An innocent conversation between two passengers after just boarding a plane eventually results in the realization they each happen to have a history with the same person. One was an instructor at a prestigious music school at which a young man applied and she was the young man’s boyfriend at the same time of his application. As fate would have it, they just so happen to be on the same flight at the same time, or does fate have anything to do with it? This is the first of six short films that comprise the whole of director Damián Szifron‘s Wild Tales, a title that couldn’t be more apt and a movie that would be hard-pressed to be any more darkly hysterical.
That being said, I’m reluctant to say much more and will be as vague as possible from here on out. After reading that opening paragraph you now know more than I did going in and to reveal much having to do with the narratives of the five short stories that follow would be to cheat you of discovering them for yourself. Suffice to say, the main theme that seems to proliferate all six stories on one level or another is that of revenge as the general sense of frustration humans share is put to the test in a variety of scenarios.
These are tales of karma and comeuppance and none of them end as you would predict, and all but one of them to wildly hilarious results. What is your “I’m mad as hell and I’m not going to take it anymore” breaking point? At what point does retribution turn into utter madness? Wild Tales has the answer.
In a nutshell, here are the bare bones of the five stories that follow the one I already laid out for you: 1.) A man speeds by another man, flipping him off after he was prevented from passing him on the freeway. 2.) A roadside waitress is asked to serve a man that drove her father to suicide. 3.) A man’s car is wrongly towed and he’s forced to pay the fine only to end up missing his daughter’s birthday party anyway. 4.) A wealthy father learns his son has hit and killed a pregnant woman and must decide if he’s going to cover up the crime. 5.) A bride learns her new husband cheated on her only minutes after saying “I do”.

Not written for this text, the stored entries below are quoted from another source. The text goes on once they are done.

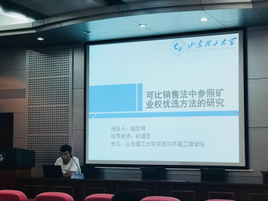 年会期间还组织了第一届矿业工程领域研究生论坛,共有12所高校的研究生代表作了21场学术报告,我院初道忠副教授指导的研究生赵忠琦应邀作了《可比销售法中参照矿业权优选方法的研究》并与参会研究生代表进行了深入交流。
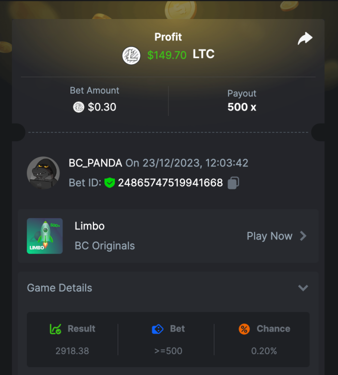 $10k HOLIDAY SPECIAL PRESTIGE CHALLENGE DURATION: 23rd December – 2nd January, 08:30 am UTC Celebrate the festive season with BC.GAME's "Christmas & New Year Special Prestige Challenge"! Dive into the holiday spirit with our exciting lineup of games: Crash, Limbo, Hash Dice, and Classic Dice. This special event is your chance to end the year on a high note and ring in the new year with spectacular wins! Join us on a festive gaming spree where the excitement never ends. Challenge yourself in any of our four featured games and aim for the highest multipliers. It's a holiday extravaganza with a competitive twist! What's the Challenge? Achieve the highest multiplier possible in our exclusive games: Crash | Limbo | Classic Dice | Hash Dice In the event of a tie, the winner will be determined by the higher average bet amount (in USD). Should there be a tie in both the amount and payout, priority in the ranking will be given to the player who first posted or edited their entry. How to Enter To enter, copy the link to the bet you'd like to submit. Once you've copied it, paste it as a reply to this thread, like so: Link: https://bc.game/#/sd/11OYP94GH5IXXJ In the same post, upload a screenshot of your win by clicking the game ID WITH VIEW IN USD mode ENABLED (accessible at the bottom of the drop-down menu for your wallet up top). This way, we can ensure that your bet indeed meets the minimum requirement at the time of placing it: Minimum VIP A minimum of Level VIP 4 with phone verified will be eligible! Minimum Payouts The minimum payout to qualify is 20x Minimum Bet Size $0.30 USD equivalent Eligible Coins All cryptocurrencies are eligible (excepting JB) Available Prizes GENERAL TERMS Please combine all of your hits into a single post. Edit your existing post for additional hits; don't create a new post. Each eligible entry must have the Bet Slip URL; failure to include it will disqualify participation in the event. The Bet Slip image is not mandatory. Bets must be posted within 24 hours of placing the bet in order to keep things fair for everyone. Bets must be made during the specified time window stated above. This thread will lock automatically when the time period is over. One (1) entry per household. Anyone found attempting to win multiple prizes will be disqualified from this challenge as well as all future challenges. Failure to follow the instructions will result in your submission being null and void. By entering this challenge, you acknowledge that BC.Game has the final say on results and placement. Payouts will be distributed after the event is finished. Please note that it could take anywhere from 24 hours to 7 days after the completion of the event.
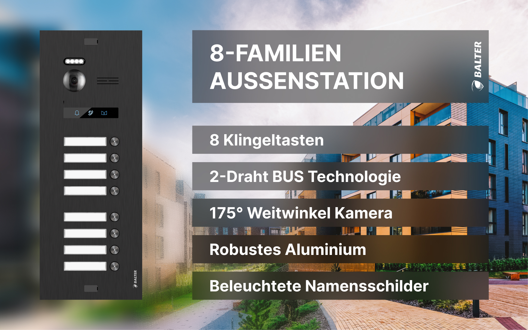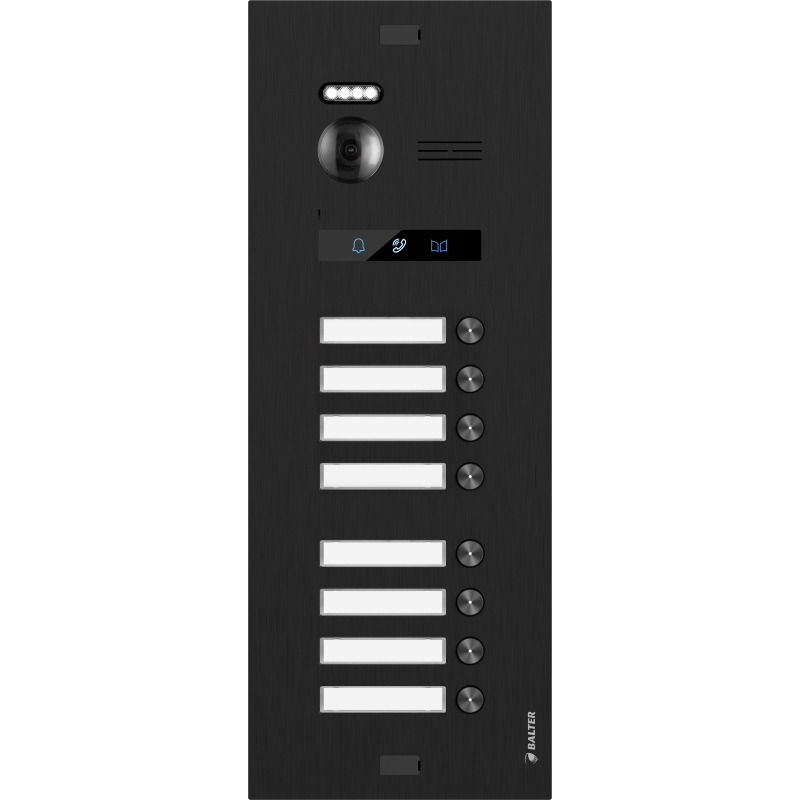 BALTER EVO-HD-BLACK-8FAM Schwarze Türstation für 8 Teilnehmer, IP über 2-Draht BUS Technologie (Video / Audio / Strom), 175° Ultraweitwinkel
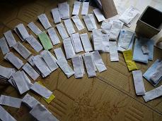 きいちごさん主催の「第2回しじみ巾着交換会」しじみ巾着は発送の準備ができました。途中メール便出すところあるかな~19日から23日まで横浜の家へ帰ります。お掃除やらいろいろメンテナンスに・・・行きたいところいろいろですが・・・いけるかな~きいちごさんが教えてくれたはんこのお店(二子玉川)とリネンワッフルの日暮里の安田商会?・・・・・・・・・・・・・・・・・・・・・・・・・・・・・・・・・・・・・・おとといはたくさんの荷物が届き嬉しい1日でした。しーちゃんから・・・カウプレ当選のマスクhananaさんから・・・種交換の種とミニバラ・ジキタリスほか毬さんから・・・・・白い苦瓜の種と素敵なレースがたくさんsnowwingさんから・・・注文資材(しじみ巾着Sサイズ用紐)オークションから・・・イニシャルテープ(自分用EU)昼間写真がうつせなかったんで、後日アップしますね。/FONT>おまけ三番花のブルースター(種まき進行中) ではいってきます
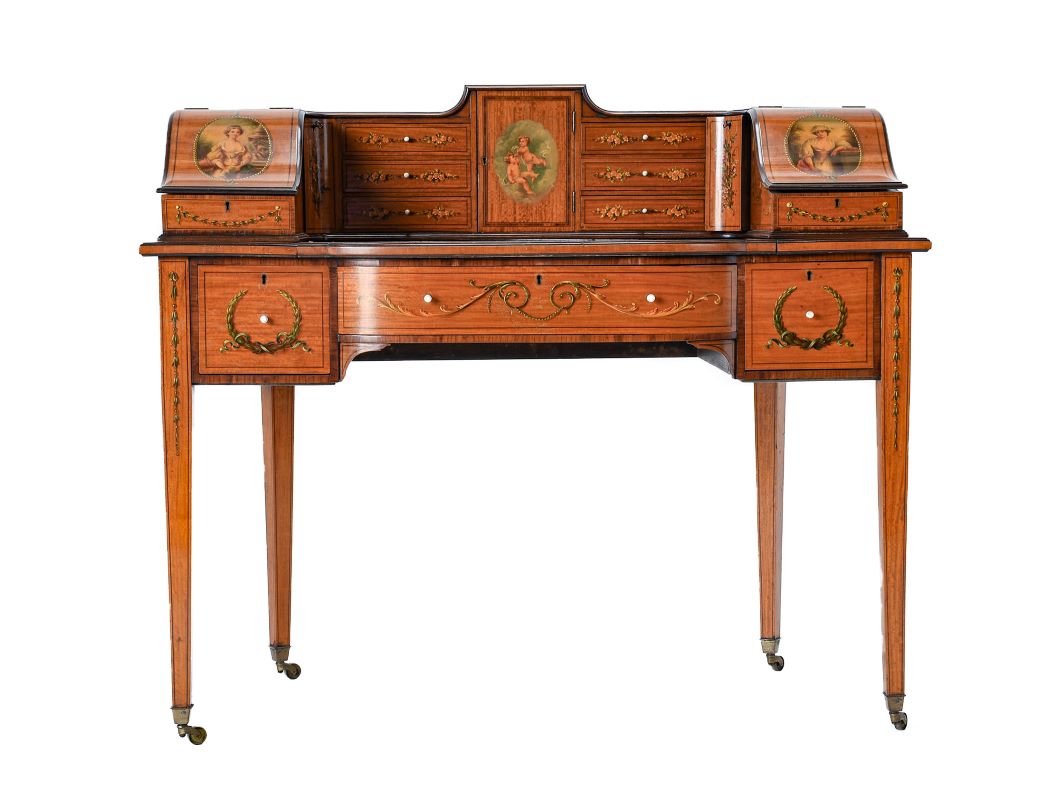 Decorative and practical antique furniture both saw good results, with top prices achieved for a Harlequin Set of Eight Charles II Joined Oak Back Stools from the late 17th century (sold for £4,300 plus buyer’s premium), a Satinwood and Polychrome Painted Carlton House Style Desk (sold for £4,500), and a Panelled Oak Bedstead (sold for £4,000). A trend is emerging to towards stronger prices for practical pieces of storage furniture, such as a George III Mahogany Linen Press that sold for £1,600. Clocks, particularly longcase clocks, sold well throughout; highlights included an Oak Thirty Hour Longcase Clock made circa 1770 by Thomas Lister of Halifax (sold for £1,500), and an Early 18th Century Thirty Hour Striking Wall Clock made circa 1710 by John Sanderson of Wigton (sold for £1,500).
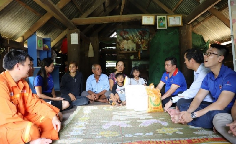 | Đoàn công tác đến thăm gia đình tại buôn kết nghĩa với Công ty Thủy điện Buôn Kuốp thuộc xã Nam Kar, huyện Lắk, tình Đắk Lắk |
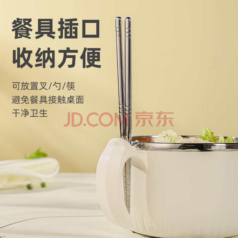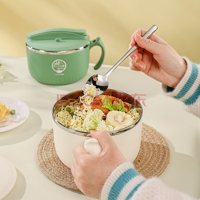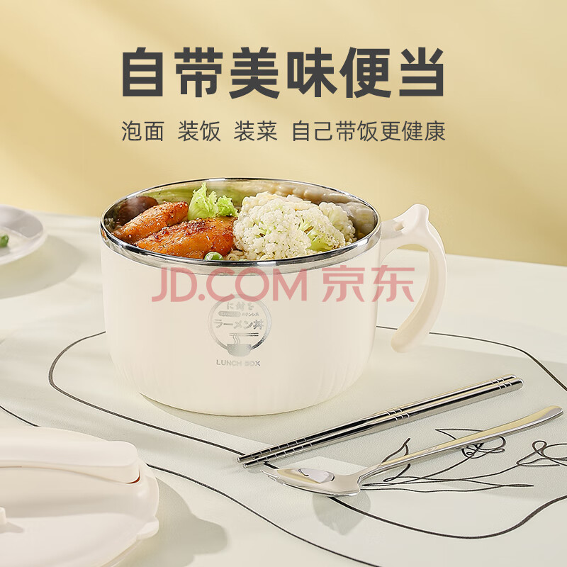 商品相册:广意304不锈钢泡面碗配勺筷防烫学生饭盒上班族快餐杯米色1.4LGY8540第
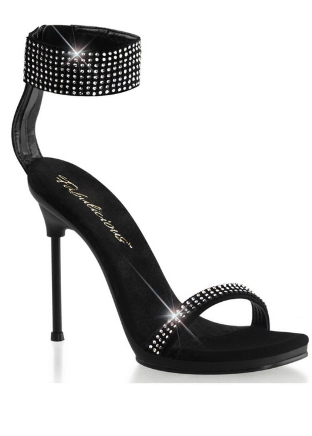 This shoe has rhinestones on the straps and ankle cuff that give expensive baddie vibes.
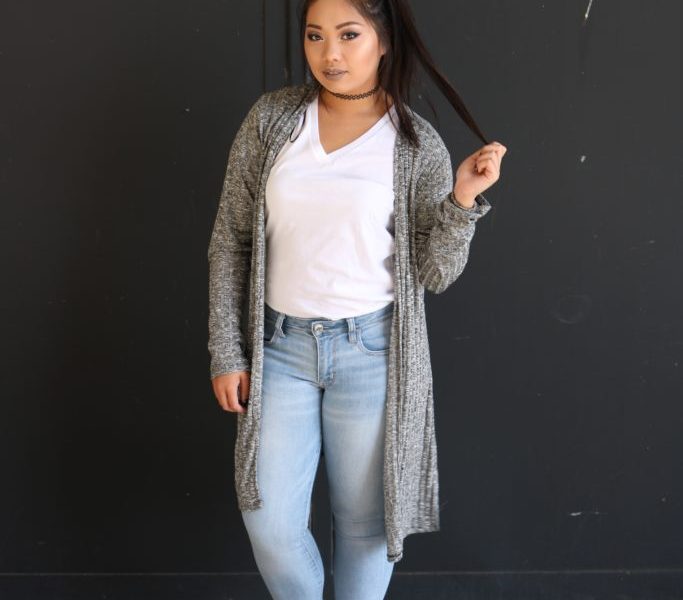 In this look, I paired my favorite light wash jeans with a plain white V-neck. One of my favorite things about this outfit is how simple it is to put everything together. In order to make this subtle, basic look a little more edgy, I paired it with some black booties, a heather grey cardigan and a choker. As a ’90s kid, I never thought that chokers would come back in style but here we are in 2016 with them coming back in full force. I can tell you right now that I am 100 percent not complaining, because the choker has become a staple in my everyday wardrobe which makes any outfit go from dull to edgy and cool.
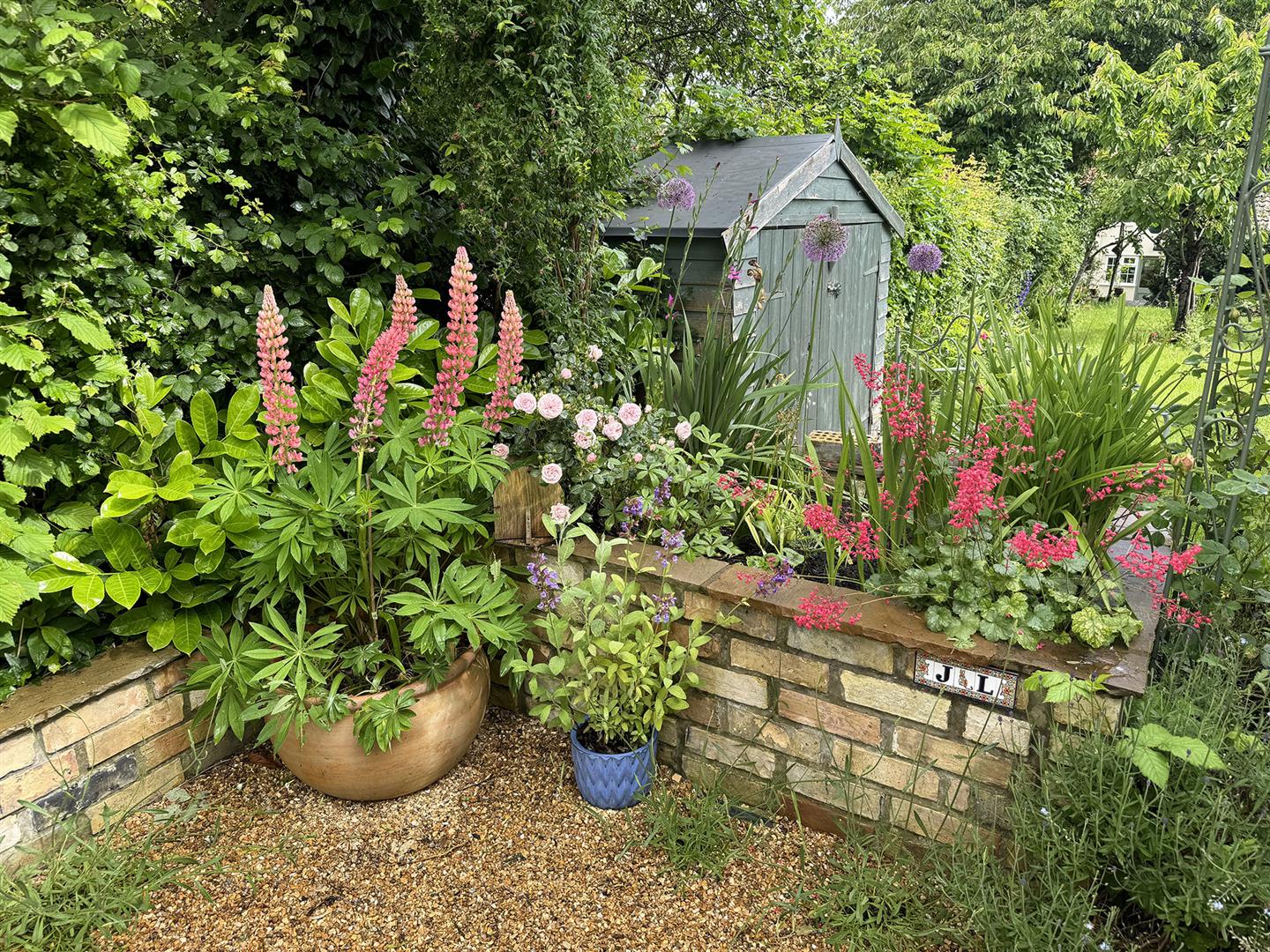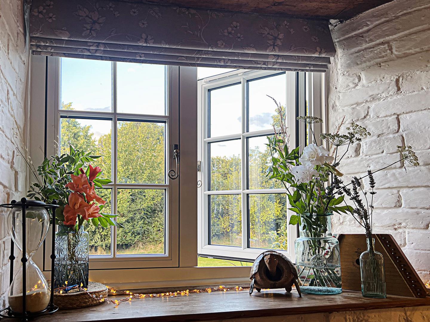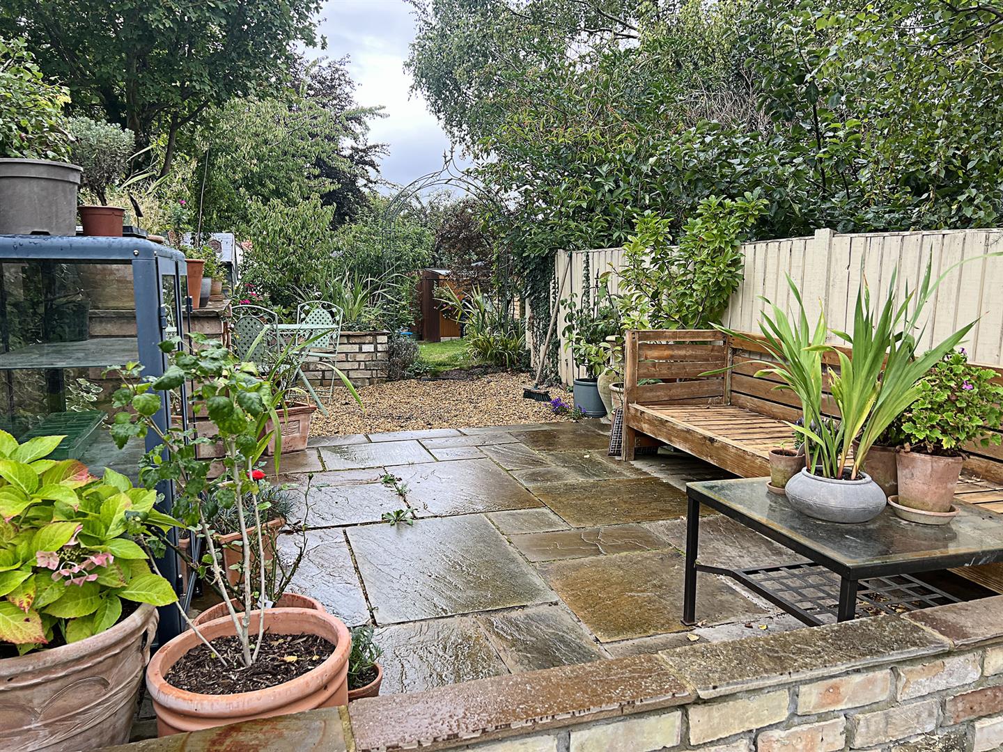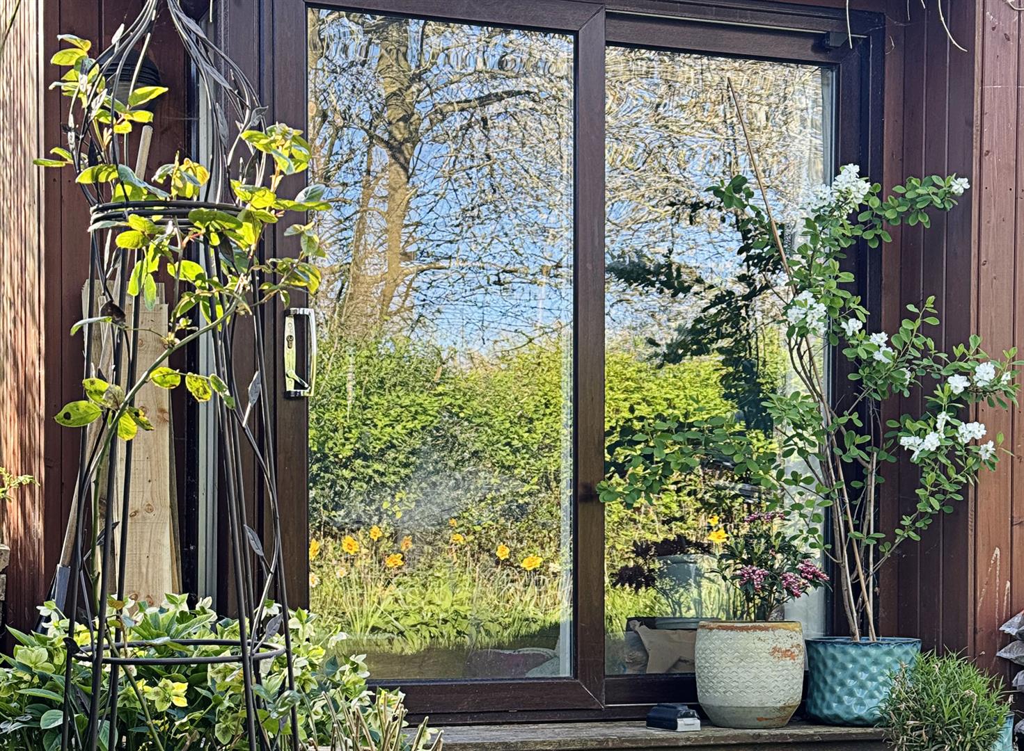 Private garden with shed, fully insulated outbuilding with double glazed window and doors, patio and decked areas, part laid to lawn with a range of raised borders, beds and fruit trees, overlooking open paddock fields.

Now that’s just the ground floor for each story. Each leads to some measure of outlandish behavior, most diving deep into slapstick, one specifically hewing pretty close to dark levels of reality. Oddly enough, for a film that reaches for high levels of absurdity it also presents a picture of society where restraint may most often be the best course of action, no matter how badly you believe you’ve been wronged as nothing good comes of the revenge exacted in these stories, that is outside of our enjoyment in watching them play out.
Szifron’s storytelling is wildly energetic and the end result will have you laughing out loud while at the same time raising your eyebrows as if to say “What the fuck?” It’s that kind of movie, a movie where it’s just as likely someone would come flying out of the kitchen wielding a chef’s knife and start stabbing someone as it is someone would defecate on the hood of someone else’s car.
Recently horror has taken advantage of creating anthology films with V/H/S and ABCs of Death and while they aren’t unheard of in other genres, including the much maligned Movie 43, Wild Tales makes you wish filmmakers would try it more often and not in ways such as 21 Grams or Four Rooms, but thematically more than narratively. The stories in Wild Tales have nothing narratively to do with one another other than a general acceptance they exist in the real world and that only adds to the enjoyment as it doubles down on anticipation when it comes to wondering just what the hell is going to happen next.